Material for this task:
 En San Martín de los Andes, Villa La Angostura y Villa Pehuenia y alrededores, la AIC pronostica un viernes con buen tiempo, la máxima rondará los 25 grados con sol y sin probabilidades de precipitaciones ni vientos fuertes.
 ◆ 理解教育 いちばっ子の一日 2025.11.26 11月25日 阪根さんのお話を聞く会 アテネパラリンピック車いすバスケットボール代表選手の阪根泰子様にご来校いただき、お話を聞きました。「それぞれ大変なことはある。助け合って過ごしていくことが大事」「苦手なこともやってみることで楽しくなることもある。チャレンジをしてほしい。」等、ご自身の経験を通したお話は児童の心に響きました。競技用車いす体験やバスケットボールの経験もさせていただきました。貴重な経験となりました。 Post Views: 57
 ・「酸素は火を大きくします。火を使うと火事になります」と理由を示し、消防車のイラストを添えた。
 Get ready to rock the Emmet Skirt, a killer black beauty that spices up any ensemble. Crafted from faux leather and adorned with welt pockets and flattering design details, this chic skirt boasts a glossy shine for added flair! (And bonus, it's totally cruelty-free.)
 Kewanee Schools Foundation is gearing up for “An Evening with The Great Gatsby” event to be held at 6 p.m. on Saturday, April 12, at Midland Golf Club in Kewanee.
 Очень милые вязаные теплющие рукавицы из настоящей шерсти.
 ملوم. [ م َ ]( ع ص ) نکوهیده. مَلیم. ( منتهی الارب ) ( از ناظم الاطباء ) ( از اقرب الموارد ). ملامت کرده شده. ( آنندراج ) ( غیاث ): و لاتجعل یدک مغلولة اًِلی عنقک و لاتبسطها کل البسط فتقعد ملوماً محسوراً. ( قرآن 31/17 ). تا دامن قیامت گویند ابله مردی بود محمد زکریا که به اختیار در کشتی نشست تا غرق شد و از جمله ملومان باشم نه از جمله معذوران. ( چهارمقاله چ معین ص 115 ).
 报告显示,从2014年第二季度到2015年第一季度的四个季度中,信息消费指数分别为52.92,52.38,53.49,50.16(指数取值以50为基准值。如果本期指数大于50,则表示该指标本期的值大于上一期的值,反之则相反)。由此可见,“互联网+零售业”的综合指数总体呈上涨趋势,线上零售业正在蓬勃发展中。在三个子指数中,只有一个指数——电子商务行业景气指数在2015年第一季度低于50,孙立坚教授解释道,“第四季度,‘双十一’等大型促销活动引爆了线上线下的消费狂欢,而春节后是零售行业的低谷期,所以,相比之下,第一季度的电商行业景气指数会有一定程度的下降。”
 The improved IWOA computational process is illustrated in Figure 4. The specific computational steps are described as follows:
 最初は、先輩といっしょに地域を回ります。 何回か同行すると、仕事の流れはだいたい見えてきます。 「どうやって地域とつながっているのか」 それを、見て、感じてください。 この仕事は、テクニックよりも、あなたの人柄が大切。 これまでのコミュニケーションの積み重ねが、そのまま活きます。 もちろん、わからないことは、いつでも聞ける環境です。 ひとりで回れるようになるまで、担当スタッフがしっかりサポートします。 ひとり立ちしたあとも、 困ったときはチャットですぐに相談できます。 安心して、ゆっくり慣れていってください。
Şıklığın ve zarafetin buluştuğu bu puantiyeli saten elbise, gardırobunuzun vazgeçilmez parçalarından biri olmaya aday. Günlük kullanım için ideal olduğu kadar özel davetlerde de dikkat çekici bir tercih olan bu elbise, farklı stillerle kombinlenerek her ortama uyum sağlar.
---
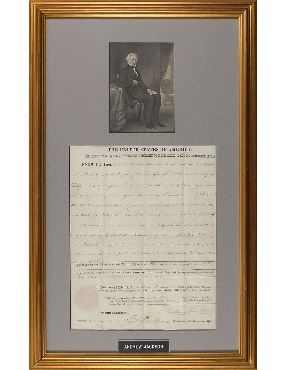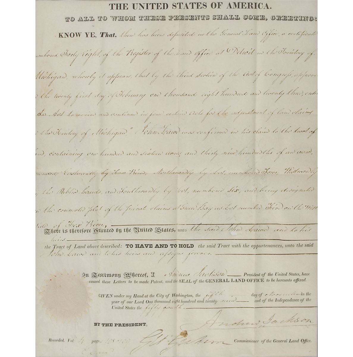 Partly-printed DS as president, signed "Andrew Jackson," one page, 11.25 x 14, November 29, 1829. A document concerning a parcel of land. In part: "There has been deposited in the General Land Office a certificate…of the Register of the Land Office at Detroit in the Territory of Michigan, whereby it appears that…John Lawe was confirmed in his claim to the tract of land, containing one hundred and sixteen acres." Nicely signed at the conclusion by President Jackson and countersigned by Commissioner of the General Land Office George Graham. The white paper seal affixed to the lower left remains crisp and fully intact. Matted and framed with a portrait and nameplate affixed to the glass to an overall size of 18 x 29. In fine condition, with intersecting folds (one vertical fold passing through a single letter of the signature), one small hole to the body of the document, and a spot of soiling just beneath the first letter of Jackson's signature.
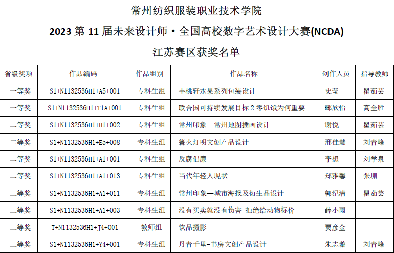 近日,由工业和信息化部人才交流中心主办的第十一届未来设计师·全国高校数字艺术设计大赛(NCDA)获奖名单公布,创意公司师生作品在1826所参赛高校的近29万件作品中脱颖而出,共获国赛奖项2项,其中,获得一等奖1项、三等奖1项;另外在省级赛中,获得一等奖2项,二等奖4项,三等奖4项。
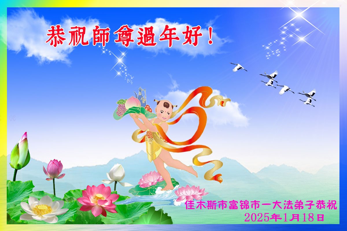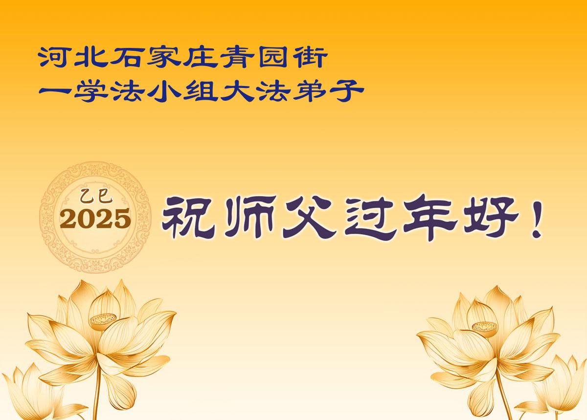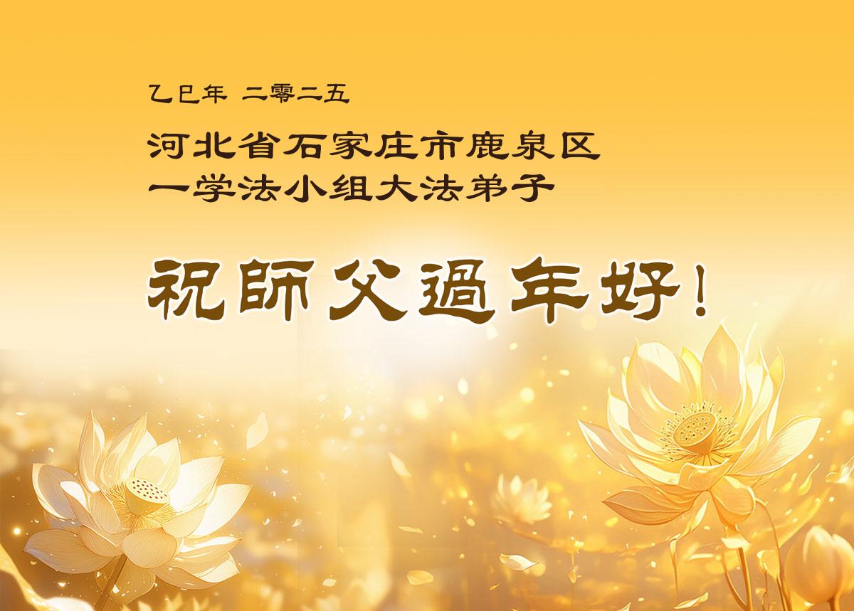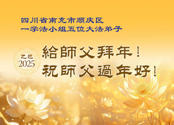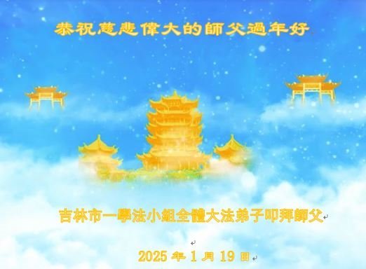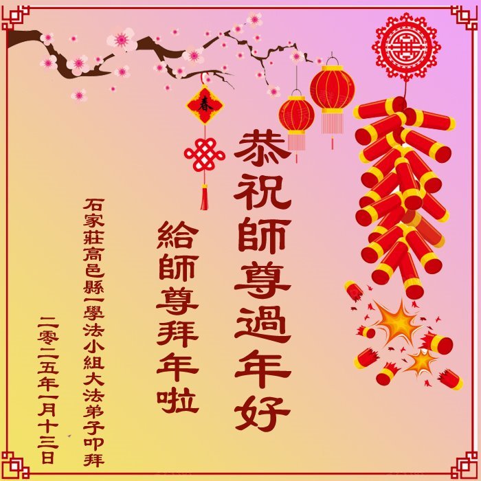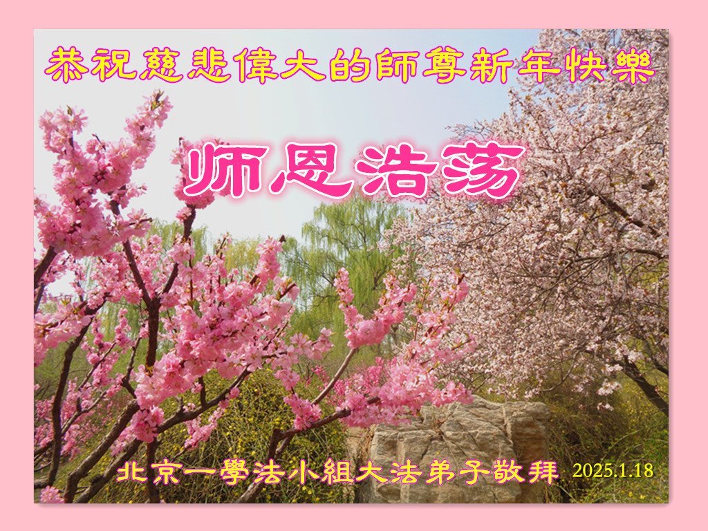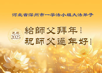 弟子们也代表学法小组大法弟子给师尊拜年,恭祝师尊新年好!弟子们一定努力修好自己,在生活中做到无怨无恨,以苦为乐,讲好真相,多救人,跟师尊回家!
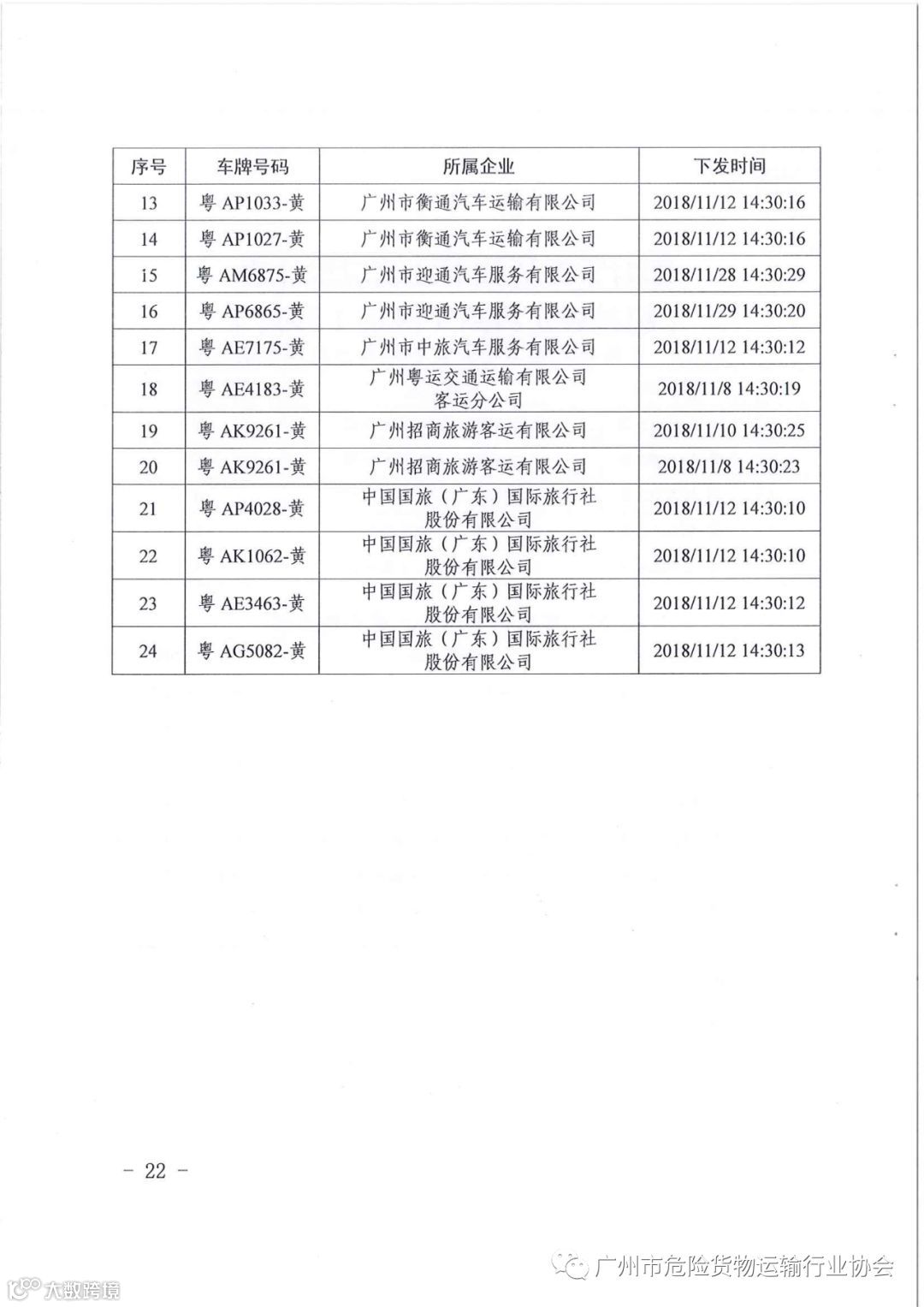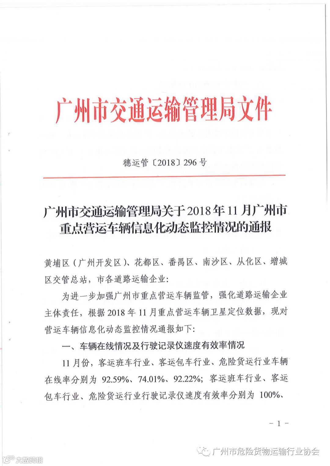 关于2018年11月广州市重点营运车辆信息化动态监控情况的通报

Task to complete:
For this exercise, output exactly the lines above from the line with "En San Martín" to the line with "Kewanee Schools Foundation", counting both, and leave out the rest.

Answer to the problem:
 En San Martín de los Andes, Villa La Angostura y Villa Pehuenia y alrededores, la AIC pronostica un viernes con buen tiempo, la máxima rondará los 25 grados con sol y sin probabilidades de precipitaciones ni vientos fuertes.
 ◆ 理解教育 いちばっ子の一日 2025.11.26 11月25日 阪根さんのお話を聞く会 アテネパラリンピック車いすバスケットボール代表選手の阪根泰子様にご来校いただき、お話を聞きました。「それぞれ大変なことはある。助け合って過ごしていくことが大事」「苦手なこともやってみることで楽しくなることもある。チャレンジをしてほしい。」等、ご自身の経験を通したお話は児童の心に響きました。競技用車いす体験やバスケットボールの経験もさせていただきました。貴重な経験となりました。 Post Views: 57
 ・「酸素は火を大きくします。火を使うと火事になります」と理由を示し、消防車のイラストを添えた。
 Get ready to rock the Emmet Skirt, a killer black beauty that spices up any ensemble. Crafted from faux leather and adorned with welt pockets and flattering design details, this chic skirt boasts a glossy shine for added flair! (And bonus, it's totally cruelty-free.)
 Kewanee Schools Foundation is gearing up for “An Evening with The Great Gatsby” event to be held at 6 p.m. on Saturday, April 12, at Midland Golf Club in Kewanee.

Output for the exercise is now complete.